Museum admission is $12 per adult, $10 for veterans & seniors and $7 for students
Museum admission is $12 per adult, $10 for veterans & seniors and $7 for students
The American Revolution became inevitable as far back as 1643 when the New England Confederation of Plymouth, Massachusetts Bay, Connecticut, and New Haven was formed for defense against the Indians and the Dutch. In 1754, representatives of seven northern colonies met at Albany, N.Y., to consider plans for a permanent union of all the colonies for defense against the French and Indians and for other purposes, but the time was not yet right for a union.
After England won the French and Indian war in 1763, England turned their attention to ways of increasing government revenues to pay the war debt. England believed this could be accomplished by enforcing the Navigation Acts of 1651, 1660, 1672, 1696 and the Molasses Act of 1733 and the Sugar Act of 1764. They required that most of the trade of the British colonies be carried in British or colonial ships so that all tax collection could be controlled. The frontiersmen found that their expansion westward was halted by a Royal Proclamation in 1763 stopping them at a line created at the Appalachian Mountains.
Open opposition to all of these acts became serious when the Stamp Act of 1765 was passed. Parliament passed it with no thought that any colony would object. But the slogan “no taxation without representation” swept over the land and unofficial delegates of nine colonies met in New York City in September 1765 and drew up declarations of rights and grievances. Although the hated stamp act never went into effect and was repealed in less than a year, unrest and trouble continued.
In 1767, Parliament, reasserting its sovereign power, passed an act levying duties on tea, glass, paper, and a few other articles, only to arouse new opposition from the Colonies. In Massachusetts, British troops were used to suppress disorders, but this action led to the Boston Massacre, in which soldiers fired on citizens. Under pressure, the act of 1767 was repealed and, by 1773, only a modest tax was left to uphold the principle of Parliamentary authority. By that time the colonists had determined not to pay the tax. In Boston, the Sons of Liberty, disguised as Indians, boarded ships in the harbor and threw cargoes of tea into the water, an action known as the Boston Tea Party.

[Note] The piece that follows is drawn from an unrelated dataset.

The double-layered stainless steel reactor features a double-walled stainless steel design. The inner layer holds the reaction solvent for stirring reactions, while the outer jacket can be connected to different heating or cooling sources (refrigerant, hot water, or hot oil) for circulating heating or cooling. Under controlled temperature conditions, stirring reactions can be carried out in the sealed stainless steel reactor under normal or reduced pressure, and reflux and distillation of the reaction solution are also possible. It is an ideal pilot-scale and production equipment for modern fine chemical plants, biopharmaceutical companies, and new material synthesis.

After the Boston Tea Party, the British Parliament, early in 1774, passed the Intolerable Acts. One of these closed the port of Boston; three others revised the government of Massachusetts and took many powers away from the people; and a fifth granted toleration to the Catholics in Canada and extended the boundary of Quebec to the Ohio River. The American colonists then took a serious step. Following the leadership of Massachusetts, the colonists called the First Continental Congress to meet in Philadelphia at Carpenters’ Hall in September 1774. Statesman with abilities such as are seldom found in a body of equal size, attended as delegates to the Congress. This Congress decided to cease importing British goods until its demands were met. It also provided for a meeting, if necessary, of a second Continental Congress in May 1775.
The well-known battles of Lexington and Concord followed on April 19, 1775. The die was cast and war had begun. The Second Continental Congress met in May 1775, and provided for the raising and supplying of an army and appointed George Washington of Virginia commander-in-chief.
For a year the colonists fought only for their rights as Englishmen. At Bunker Hill, Ticonderoga, and Boston, their soldiers demonstrated that they could defeat the British regulars. On July 4, 1776, the Second Continental Congress adopted the Declaration of Independence. Although a committee reported it, the Declaration was written almost entirely by Thomas Jefferson.
By 1778 Benjamin Franklin was able to secure a treaty of alliance with France. With French financial aid, trained soldiers, and sea power, the Revolution continued. It ended at Yorktown in 1781 when British General Charles Cornwallis and his entire army surrendered to Washington’s colonial forces.
A constitutional convention was assembled in Philadelphia in 1787 with all thirteen Colonies represented. It was composed of a group of men seldom matched in world history for ability, sound judgment, wisdom, and devotion to their country’s welfare. In secret sessions, they composed a constitution, the only law of the eighteenth century that is still able to satisfy the needs of a great modern nation.
In the elections that followed, a grateful people unanimously elected George Washington as their first president. He was inaugurated on April 30, 1789, in New York City, the capital for that one year.